**Exercise material**
-.-.-

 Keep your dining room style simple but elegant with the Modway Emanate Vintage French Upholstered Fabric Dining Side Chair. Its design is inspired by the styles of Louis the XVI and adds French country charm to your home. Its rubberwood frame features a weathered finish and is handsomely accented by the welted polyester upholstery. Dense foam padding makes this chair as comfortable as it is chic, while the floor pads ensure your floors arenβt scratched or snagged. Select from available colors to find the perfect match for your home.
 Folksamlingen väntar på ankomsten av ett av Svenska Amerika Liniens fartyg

-.-.-

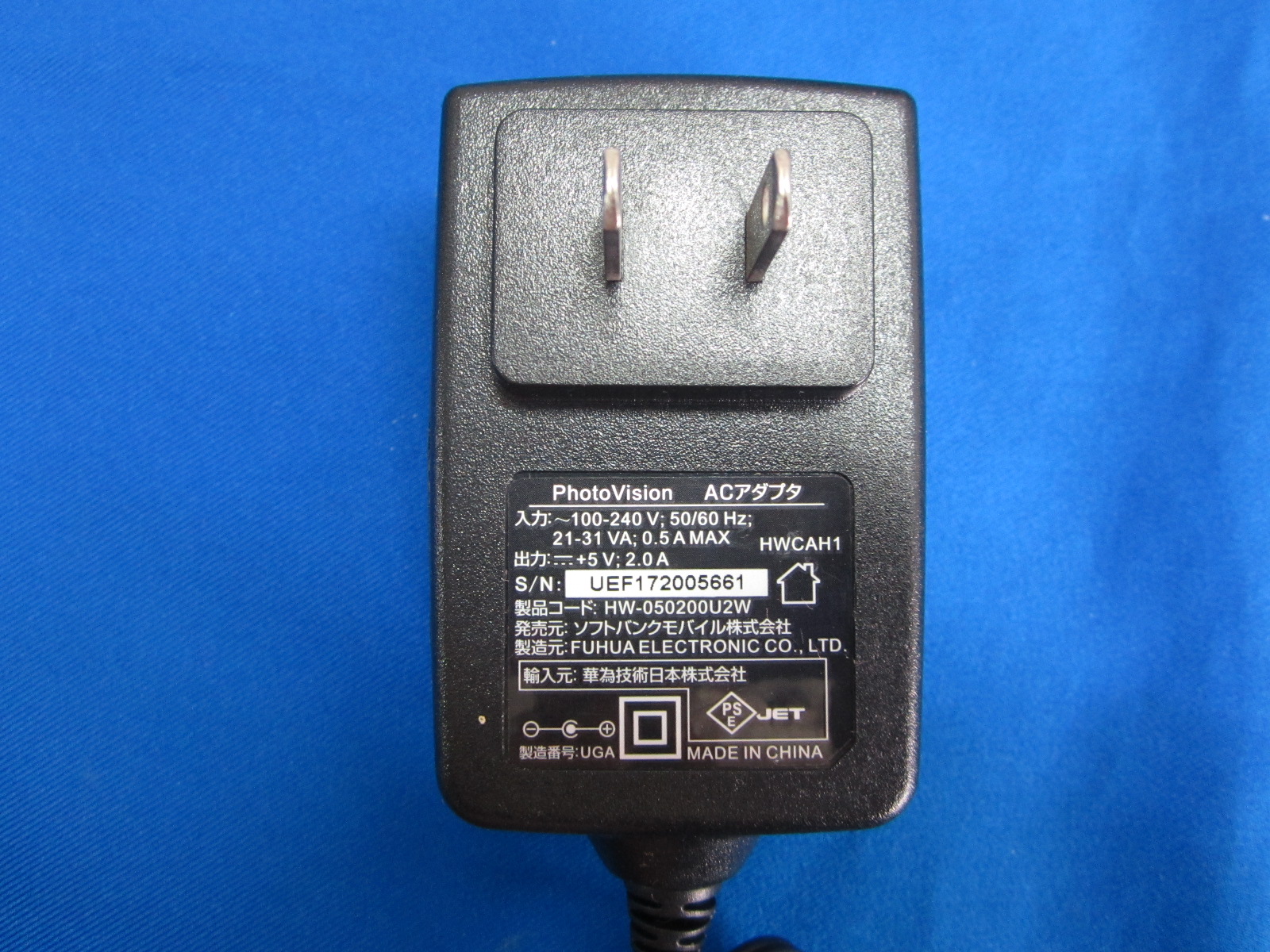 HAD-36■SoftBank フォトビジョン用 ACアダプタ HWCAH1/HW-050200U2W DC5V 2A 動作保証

-.-.-

Please output the lines of the listing above that fall in the stretch from the one with "Keep your dining" through the one with "Folksamlingen väntar på", exactly and only those.

**Finished task**
 Keep your dining room style simple but elegant with the Modway Emanate Vintage French Upholstered Fabric Dining Side Chair. Its design is inspired by the styles of Louis the XVI and adds French country charm to your home. Its rubberwood frame features a weathered finish and is handsomely accented by the welted polyester upholstery. Dense foam padding makes this chair as comfortable as it is chic, while the floor pads ensure your floors arenβt scratched or snagged. Select from available colors to find the perfect match for your home.
 Folksamlingen väntar på ankomsten av ett av Svenska Amerika Liniens fartyg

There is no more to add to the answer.